Несчастный Рессон, который до старости так и остался весьма несолидным литературным дельцом, оставил всего двадцать франков, из которых пятнадцать надо было отдать аптекарю. Правда, зарабатывал он не так уж мало, но, когда ему удавалось заполучить известную сумму, он отправлялся путешествовать или устраивал пикники. Подобное легкомыслие Эжену не могло импонировать, причем в дневнике он позволял себе быть значительно более строгим, нежели в разговорах. «Мой бедный Пьерре, смерть которого явилась для меня настоящим ударом, оставил семью в тяжелом положении; это последствия тщеславия его жены, желавшей изображать из себя даму, вместо того чтобы заняться каким-нибудь ремеслом и обучить ему своих дочерей».
Спустя некоторое время умерла мадам Лавалетт, мать Жозефины Форже.
С концом наполеоновской Франции в сущности закончилась и ее жизнь. Она не жила больше, непостижимым образом сохранив в своем облике отражение блеска и величия Первой империи. Для Эжена вместе с мадам Лавалетт канул в вечность целый пласт его собственной жизни, освещенный тем же огнем, тем же пафосом. Эжен полагал, что отпевание, которое происходило в крохотной церкви, неприлично, он был не доволен тем, что адъютант императора приехал на похороны не в парадной форме и не в придворной карете, — ни Жозефина, ни ее сын, внук г-жи Лавалетт, не могли понять, чем он так возмущается.

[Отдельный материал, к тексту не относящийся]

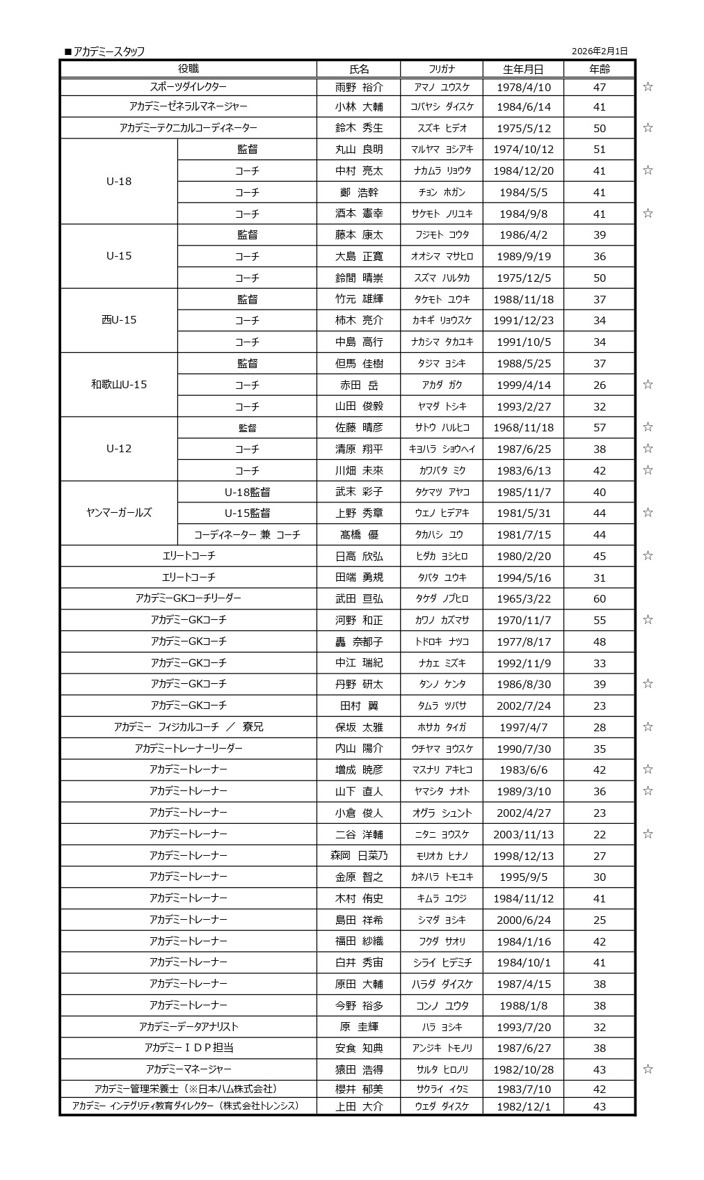 2026/02/01U-18U-15西U-15和歌山U-15U-12ガールズU-18ガールズU-152026シーズン セレッソ大阪アカデミー新体制について2026年のセレッソ大阪アカデミー新体制、およびアカデミースタッフが決定しましたので、お知らせいたします。拡大版はこちらスタッフ一覧ページはこちらこの記事をシェアする前の記事へニュース一覧へ戻る次の記事へRELATED NEWS関連ニュース2026/01/29U-18U-15西U-15和歌山U-15U-12ガールズU-18ガールズU-15ハナサカブログ育成事業 移管のお知らせ2026/01/28U-18U-18 スケジュール(2月1日-15日)2026/01/07U-18ハナサカブログU-18 スケジュール(1月1日-31日)2025/12/06U-18U-15西U-15和歌山U-15U-12ガールズU-18ガールズU-15雨野 裕介氏 スポーツダイレクター就任について2025/12/05U-18岡崎葵選手 U-16 Jリーグ選抜トレーニングキャンプメンバーに選出

Он хотел было произнести речь над могилой, но равнодушная аудитория раздражила его.
Вернувшись, он застал дома письмо, извещавшее его о смерти г-жи Гиймарде, вдовы посла Французской республики в Мадриде, матери Феликса и Эдуарда. Феликса давно не было уже в живых — он умер совсем молодым.
Вместе с Эдуардом они пришли в ризницу церкви на кладбище в Пасси, чтобы подписать акт о смерти. Когда-то муж покойницы, г-н Гиймарде, подписывал акт о его рождении.
Постепенно все уходило, постепенно заканчивалось.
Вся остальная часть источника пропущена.